Crop switching reduces agricultural losses from climate change in the United States by half under RCP 8.5

Extreme temperatures under climate change are projected to reduce average yields of major U.S. crops, though impacts vary spatially with some areas potentially benefiting from warmer conditions and irrigation. As climate shifts, relative productivity changes will drive farmers to alter crop choices and locations. Quantifying how regional productivity changes influence future cropping decisions and the extent to which crop shifting can mitigate damages is a central question for climate impacts on agriculture. Traditional econometric yield models face limitations for this task: they remove yield levels with region fixed effects (hindering prediction in new areas) and suffer a resolution-variance trade-off when allowing regional interactions. This study develops a hierarchical Bayesian yield model that estimates region-specific climate sensitivities while borrowing strength across space to predict yields in unobserved regions. Using this model for six U.S. crops, the authors evaluate potential economic outcomes of profit-maximizing crop reallocation under RCP 8.5 by 2050 and 2070, assessing how much crop switching can offset climate-induced losses.
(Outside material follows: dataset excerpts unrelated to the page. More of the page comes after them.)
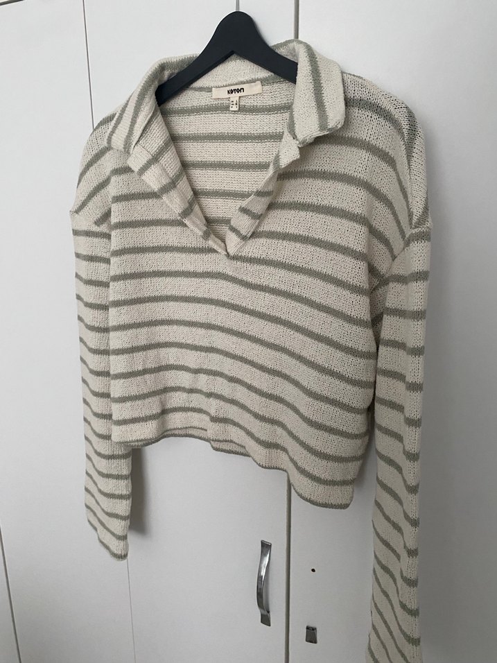Gri çizgili, uzun kollu, yakalı ve bol kesim triko kazak, günlük rahat kullanım için uygundur. Sayılı giydimtemizdir
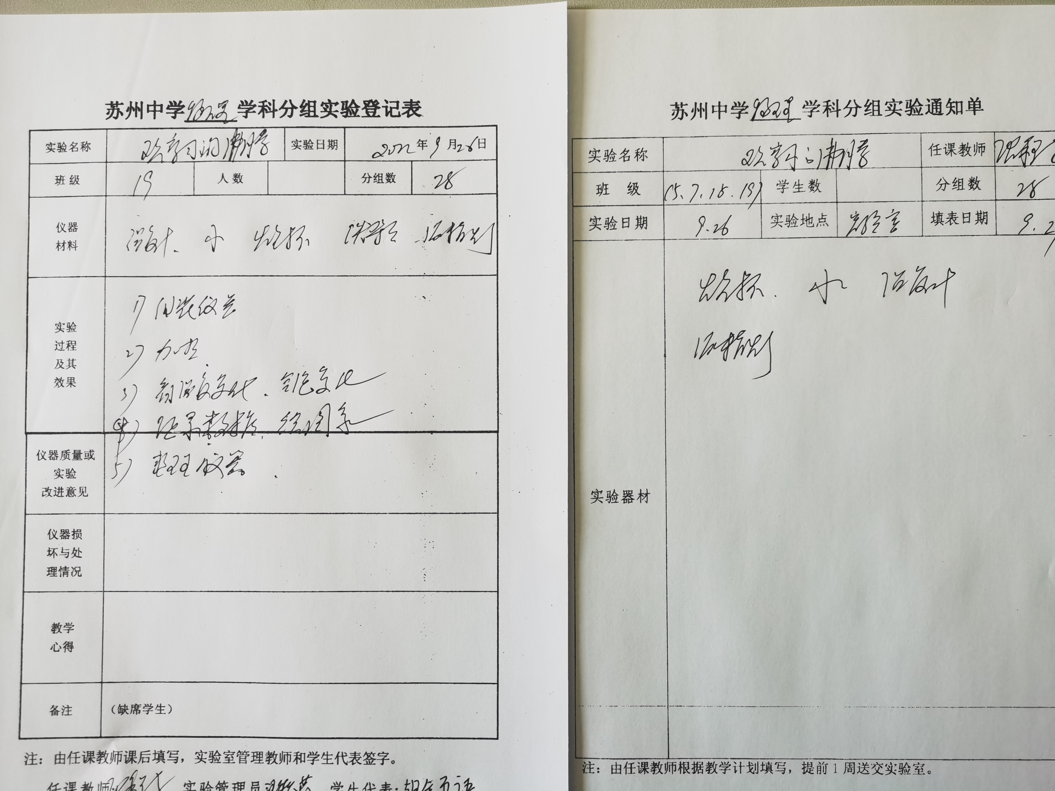 实验登记表
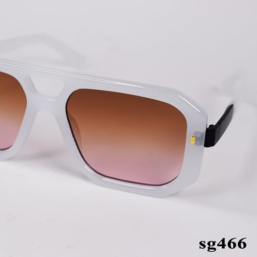 Generic - sg466 Stylish Rectangular Sunglasses, Gradient Brown Lenses, White Plastic Frame
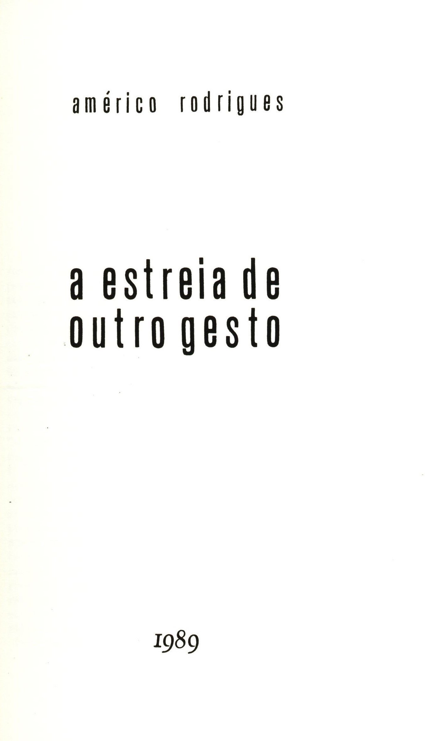 Title information A estreia de outro gesto / Américo Rodrigues Personal name Rodrigues, Américo (Author) (Publisher) Další autoři Oficinas de s. Miguel (Printer) Publication [Outeiro de S. Miguel – Guarda] : Américo Rodrigues, 1989 Manufacture Oficinas de s. Miguel Scope 59 stran ; 21 cm ISBN (Brožováno) Country Portugal Language Portuguese Note Zdobená obálka. - Předmluva
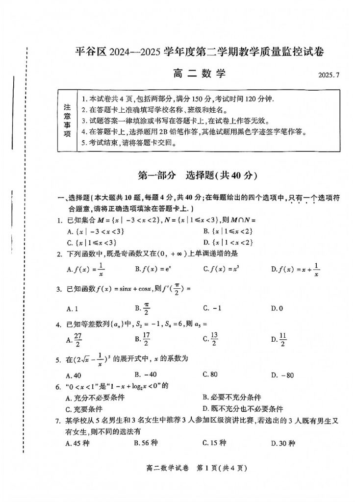 2025年北京各区高二(下)期末考已陆续开始进行,北达教研组整理了2025北京平谷区高二(下)期末数学试题,分享给大家。
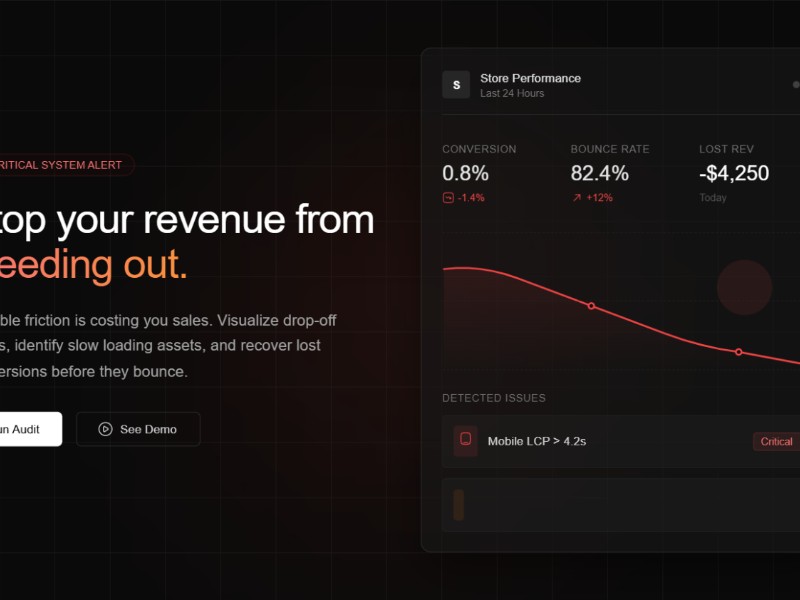 Use this template to quickly prototype or ship a compelling hero section that visualizes loss and urgency for analytics, performance, and ecommerce optimization platforms.

The study builds on a large literature linking weather and climate to crop yields, including nonlinear temperature effects and meta-analyses of climate impacts and adaptation. Prior econometric approaches commonly use panel models with fixed effects to capture unobserved heterogeneity, but these remove yield level information critical for predicting suitability in new regions. Interacted coefficient models increase flexibility but risk overfitting and imprecise estimates. The paper also draws on research in spatial land-use optimization and comparative advantage in agriculture, as well as hierarchical modeling literature that supports partial pooling to capture spatially varying relationships. The authors position their approach as an empirical framework that combines spatially varying yield response estimation with optimization to assess adaptation via crop relocation.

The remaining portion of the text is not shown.